*WHAT IS BEING ASKED*:
Write out every line of the material as it stands, apart from the pictures.

*SOURCE MATERIAL*:

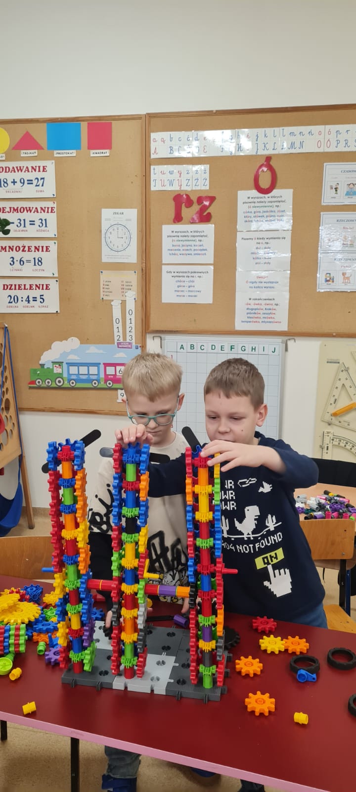 W ramach projektu „Laboratoria Przyszłości” uczniowie klas 2a i 2b uczestniczyli w zajęciach kreatywnych z wykorzystaniem klocków Korbo. Celem spotkania było rozwijanie wyobraźni przestrzennej, współpracy w grupie oraz poznanie zasad działania mechanizmów wprawianych w ruch. Dzieci pracowały w kilkuosobowych zespołach, projektując i konstruując budowle wyposażone w elementy ruchome, takie jak koła zębate, wirujące mechanizmy czy obracające się ramiona. Uczniowie eksperymentowali z różnymi rozwiązaniami, sprawdzając, jak ruch jednego elementu wpływa na pozostałe. W trakcie zajęć panowała twórcza atmosfera – uczniowie dzielili się pomysłami, testowali swoje konstrukcje oraz wprowadzali poprawki, aby mechanizmy działały jak najsprawniej. Zajęcia pozwoliły dzieciom rozwijać logiczne myślenie,
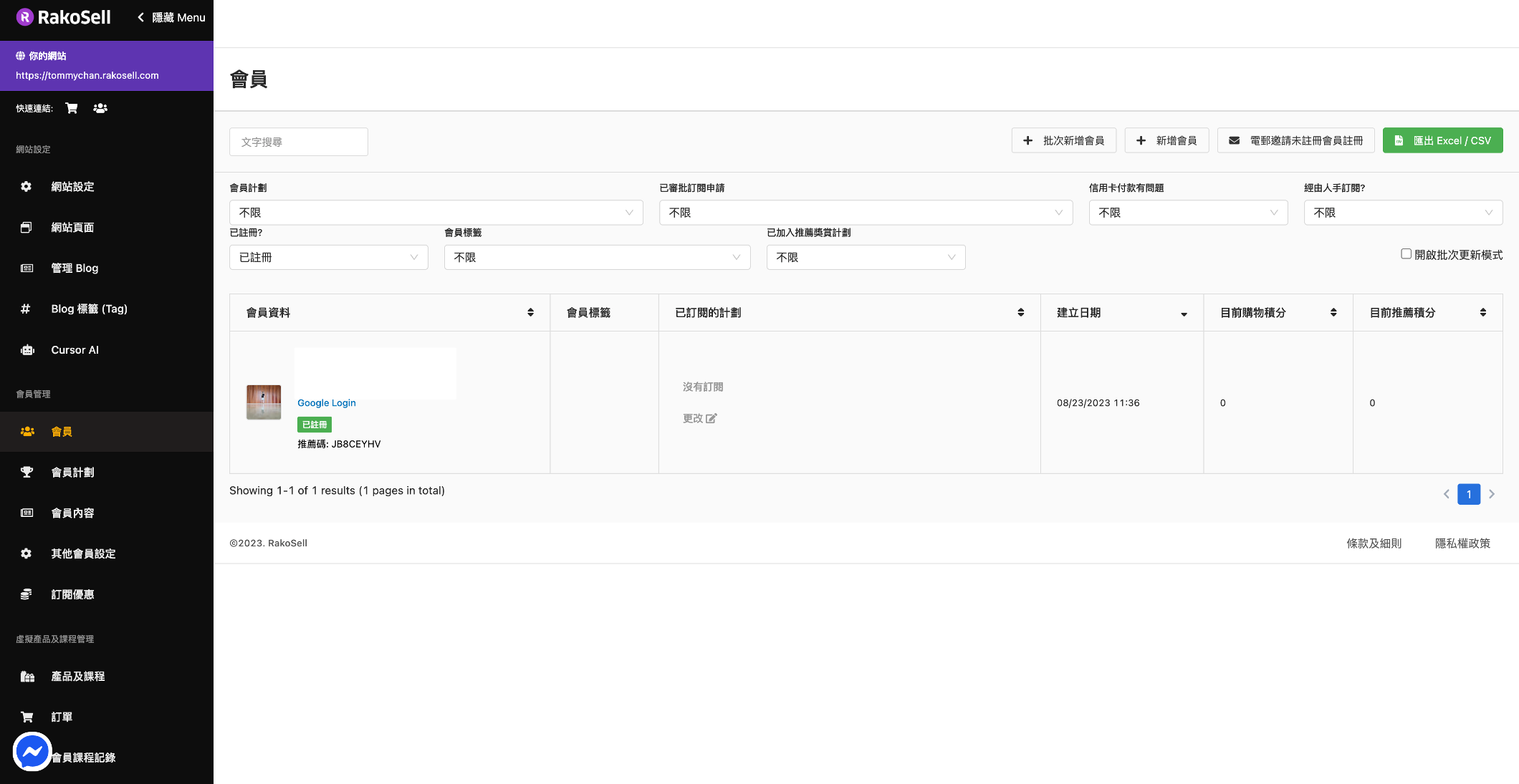 * 回到你的網站後台，可以點擊對應的會員，在&#x5176;**「會員資料」頁**中的下方，修改為該會員提供的推薦碼及優惠內容。優惠標題、優惠百分比折扣、優惠碼都可以獨立再作修改，此修改只會改變此會員所得的推薦碼及其內容，不會影響其他人及新加入的人。
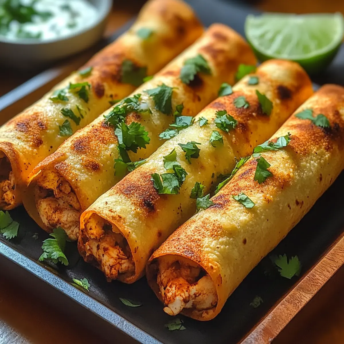 Once your taquitos are perfectly baked and crispy, remove them from the oven and let them rest for a few minutes. Plate them up, drizzling the crema over the top or serving it on the side for dipping. Garnish with extra cilantro and lime wedges for that bright finishing touch, and get ready to delight in this delicious treat!
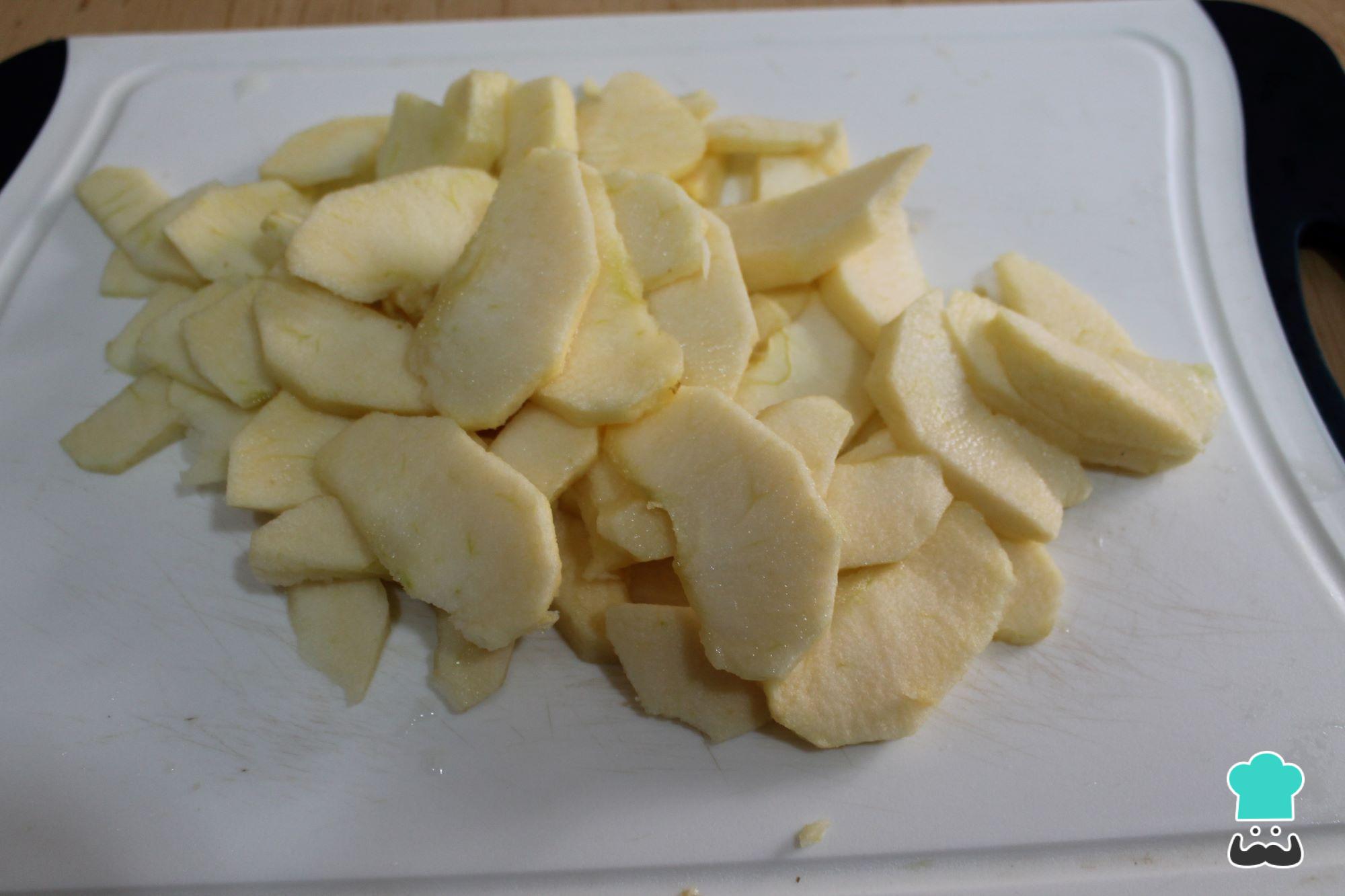 Mientras se hornea la plancha de hojaldre, descorazona las manzanas y pélalas. Corta en rodajas muy finas con un cuchillo afilado. Exprime unas gotas de zumo de limón por encima para que las rodajas de manzana no se oxiden.

*ANSWER TO THIS EXERCISE*:
 W ramach projektu „Laboratoria Przyszłości” uczniowie klas 2a i 2b uczestniczyli w zajęciach kreatywnych z wykorzystaniem klocków Korbo. Celem spotkania było rozwijanie wyobraźni przestrzennej, współpracy w grupie oraz poznanie zasad działania mechanizmów wprawianych w ruch. Dzieci pracowały w kilkuosobowych zespołach, projektując i konstruując budowle wyposażone w elementy ruchome, takie jak koła zębate, wirujące mechanizmy czy obracające się ramiona. Uczniowie eksperymentowali z różnymi rozwiązaniami, sprawdzając, jak ruch jednego elementu wpływa na pozostałe. W trakcie zajęć panowała twórcza atmosfera – uczniowie dzielili się pomysłami, testowali swoje konstrukcje oraz wprowadzali poprawki, aby mechanizmy działały jak najsprawniej. Zajęcia pozwoliły dzieciom rozwijać logiczne myślenie,
 * 回到你的網站後台，可以點擊對應的會員，在&#x5176;**「會員資料」頁**中的下方，修改為該會員提供的推薦碼及優惠內容。優惠標題、優惠百分比折扣、優惠碼都可以獨立再作修改，此修改只會改變此會員所得的推薦碼及其內容，不會影響其他人及新加入的人。
 Once your taquitos are perfectly baked and crispy, remove them from the oven and let them rest for a few minutes. Plate them up, drizzling the crema over the top or serving it on the side for dipping. Garnish with extra cilantro and lime wedges for that bright finishing touch, and get ready to delight in this delicious treat!
 Mientras se hornea la plancha de hojaldre, descorazona las manzanas y pélalas. Corta en rodajas muy finas con un cuchillo afilado. Exprime unas gotas de zumo de limón por encima para que las rodajas de manzana no se oxiden.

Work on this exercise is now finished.